# [Work request]
Begin with the line below holding "My second project" and go on through the line holding "4 Mushroom Gummies", duplicating each line exactly and leaving out pictures.

# [Provided entries]

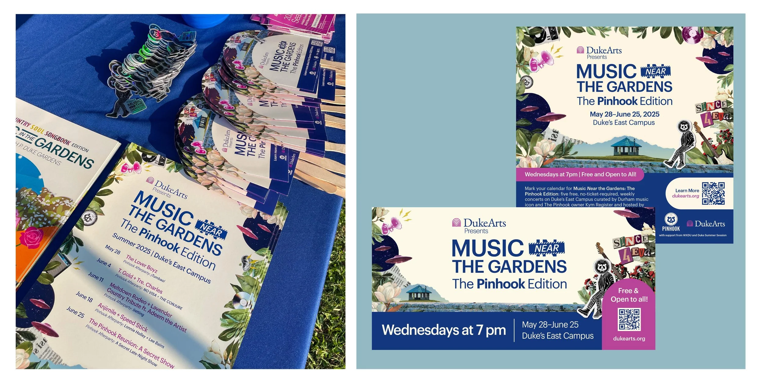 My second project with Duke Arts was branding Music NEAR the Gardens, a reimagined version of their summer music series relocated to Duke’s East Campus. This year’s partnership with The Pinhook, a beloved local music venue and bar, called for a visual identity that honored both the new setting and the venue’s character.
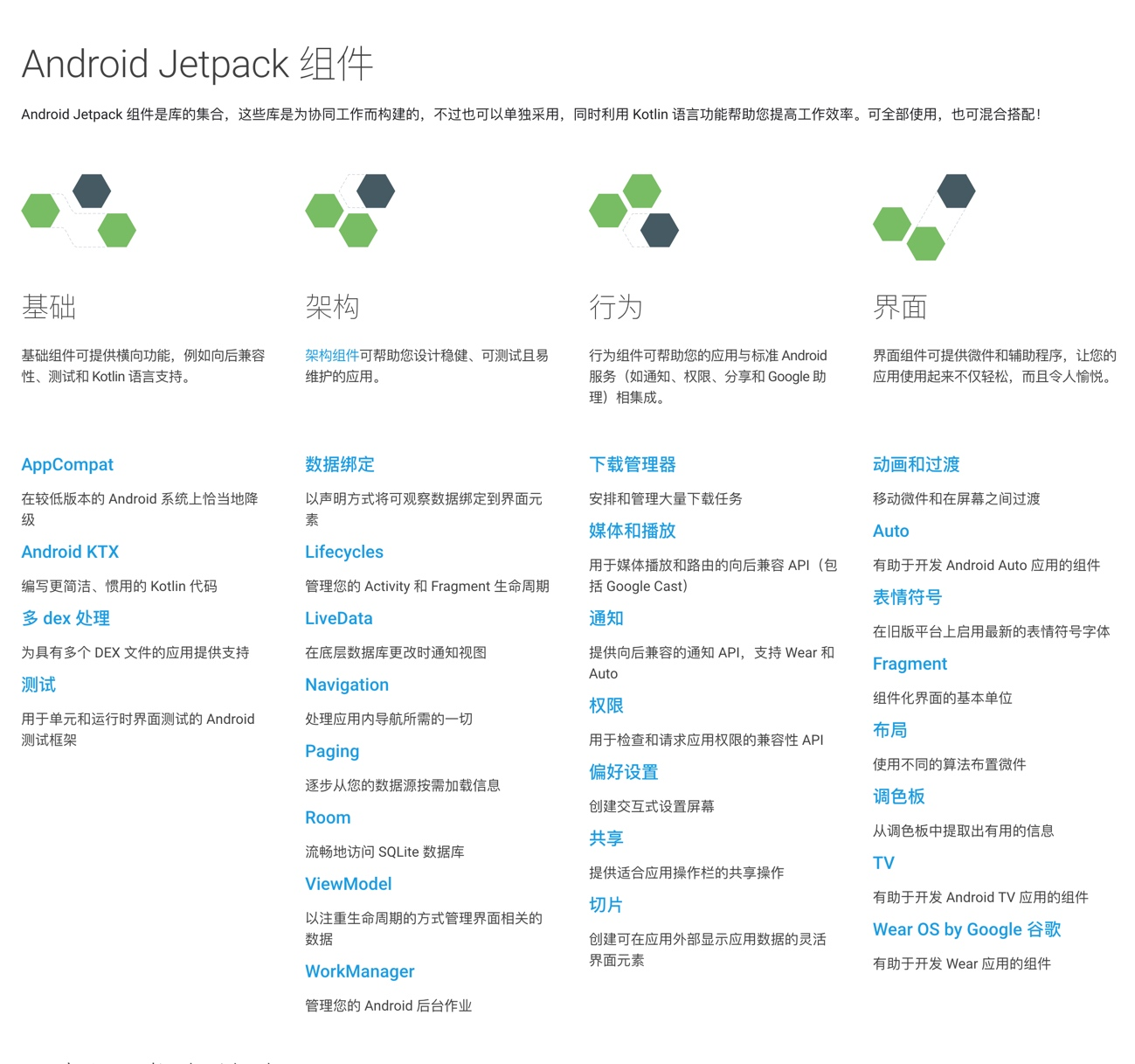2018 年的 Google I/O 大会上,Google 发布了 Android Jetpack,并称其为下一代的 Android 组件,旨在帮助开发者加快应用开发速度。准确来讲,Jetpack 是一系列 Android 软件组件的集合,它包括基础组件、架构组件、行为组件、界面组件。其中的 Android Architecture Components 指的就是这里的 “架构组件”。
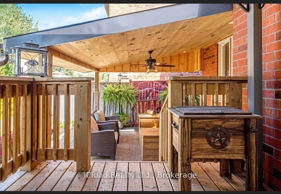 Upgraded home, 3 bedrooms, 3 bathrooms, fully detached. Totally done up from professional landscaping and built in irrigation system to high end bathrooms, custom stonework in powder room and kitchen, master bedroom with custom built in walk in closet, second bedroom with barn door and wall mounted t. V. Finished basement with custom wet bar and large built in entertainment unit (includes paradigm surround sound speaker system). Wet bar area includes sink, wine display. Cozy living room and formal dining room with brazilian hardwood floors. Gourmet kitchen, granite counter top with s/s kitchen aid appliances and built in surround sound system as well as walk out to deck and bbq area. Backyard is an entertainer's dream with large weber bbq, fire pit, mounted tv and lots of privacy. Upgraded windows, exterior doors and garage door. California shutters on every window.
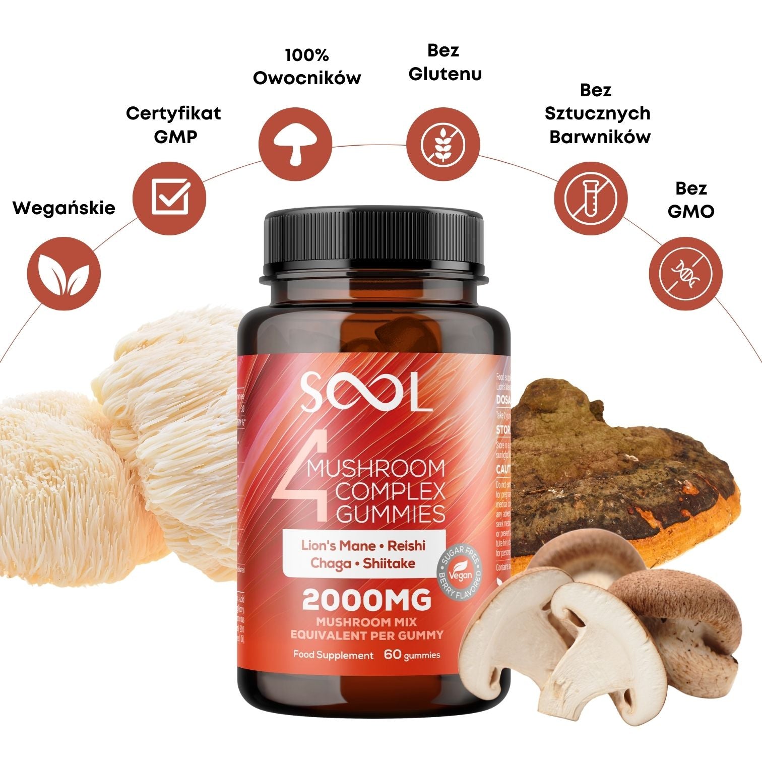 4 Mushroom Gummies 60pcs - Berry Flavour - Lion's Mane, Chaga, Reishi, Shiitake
==
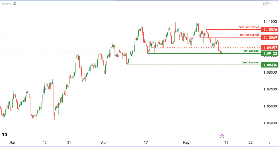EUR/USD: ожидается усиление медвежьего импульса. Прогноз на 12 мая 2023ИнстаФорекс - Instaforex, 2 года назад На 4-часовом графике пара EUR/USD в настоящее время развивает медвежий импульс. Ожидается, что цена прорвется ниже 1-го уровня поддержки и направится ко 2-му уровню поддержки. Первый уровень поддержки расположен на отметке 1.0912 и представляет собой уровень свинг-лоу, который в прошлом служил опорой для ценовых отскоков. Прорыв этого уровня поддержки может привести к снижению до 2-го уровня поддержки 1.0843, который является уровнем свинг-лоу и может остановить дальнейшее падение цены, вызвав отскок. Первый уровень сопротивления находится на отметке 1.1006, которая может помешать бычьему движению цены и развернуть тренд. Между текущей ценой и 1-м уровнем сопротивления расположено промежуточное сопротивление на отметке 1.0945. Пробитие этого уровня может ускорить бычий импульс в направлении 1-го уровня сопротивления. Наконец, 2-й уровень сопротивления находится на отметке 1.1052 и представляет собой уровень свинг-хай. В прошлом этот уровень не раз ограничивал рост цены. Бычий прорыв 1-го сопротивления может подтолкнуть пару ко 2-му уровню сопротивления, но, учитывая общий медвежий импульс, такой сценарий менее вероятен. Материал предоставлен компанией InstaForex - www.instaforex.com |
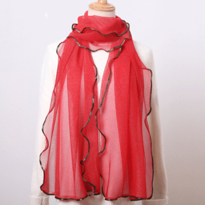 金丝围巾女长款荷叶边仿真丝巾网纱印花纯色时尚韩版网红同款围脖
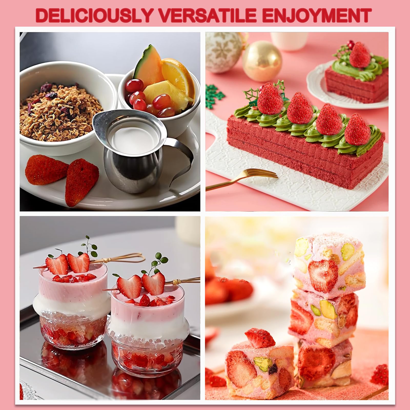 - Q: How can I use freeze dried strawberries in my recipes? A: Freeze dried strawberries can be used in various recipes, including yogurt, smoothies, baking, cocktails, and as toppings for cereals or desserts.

# [Result of this task]
 My second project with Duke Arts was branding Music NEAR the Gardens, a reimagined version of their summer music series relocated to Duke’s East Campus. This year’s partnership with The Pinhook, a beloved local music venue and bar, called for a visual identity that honored both the new setting and the venue’s character.
2018 年的 Google I/O 大会上,Google 发布了 Android Jetpack,并称其为下一代的 Android 组件,旨在帮助开发者加快应用开发速度。准确来讲,Jetpack 是一系列 Android 软件组件的集合,它包括基础组件、架构组件、行为组件、界面组件。其中的 Android Architecture Components 指的就是这里的 “架构组件”。
 Upgraded home, 3 bedrooms, 3 bathrooms, fully detached. Totally done up from professional landscaping and built in irrigation system to high end bathrooms, custom stonework in powder room and kitchen, master bedroom with custom built in walk in closet, second bedroom with barn door and wall mounted t. V. Finished basement with custom wet bar and large built in entertainment unit (includes paradigm surround sound speaker system). Wet bar area includes sink, wine display. Cozy living room and formal dining room with brazilian hardwood floors. Gourmet kitchen, granite counter top with s/s kitchen aid appliances and built in surround sound system as well as walk out to deck and bbq area. Backyard is an entertainer's dream with large weber bbq, fire pit, mounted tv and lots of privacy. Upgraded windows, exterior doors and garage door. California shutters on every window.
 4 Mushroom Gummies 60pcs - Berry Flavour - Lion's Mane, Chaga, Reishi, Shiitake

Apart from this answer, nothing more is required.